* **Task**
Exactly as written, return all the data, leaving its pictures behind.

* **Dataset extract**
Start of Block
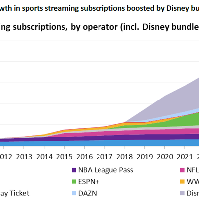 不过这一形势正在发生变化,体育流媒体服务已从 2010 年 280 万订阅增长到 2020 年 2,380 万。大约 40% 的流媒体订阅来自 Disney+ /Hulu/ESPN+ 捆绑。
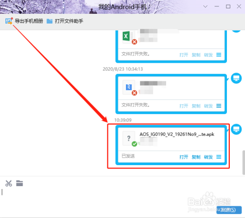4、将apk文件经由过程电脑版QQ发送到“我的手机”
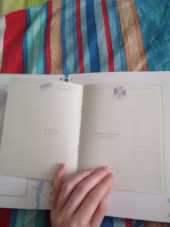 1 часть - это фотографии. Сначала метрика, пото по развороту на фото + описание месяца (умелки, события, рост и все), последний разворот что-то вроде постера достижений - что любит и не любит, умеет к году.
End of Block
* **Solved problem**
 不过这一形势正在发生变化,体育流媒体服务已从 2010 年 280 万订阅增长到 2020 年 2,380 万。大约 40% 的流媒体订阅来自 Disney+ /Hulu/ESPN+ 捆绑。
4、将apk文件经由过程电脑版QQ发送到“我的手机”
 1 часть - это фотографии. Сначала метрика, пото по развороту на фото + описание месяца (умелки, события, рост и все), последний разворот что-то вроде постера достижений - что любит и не любит, умеет к году.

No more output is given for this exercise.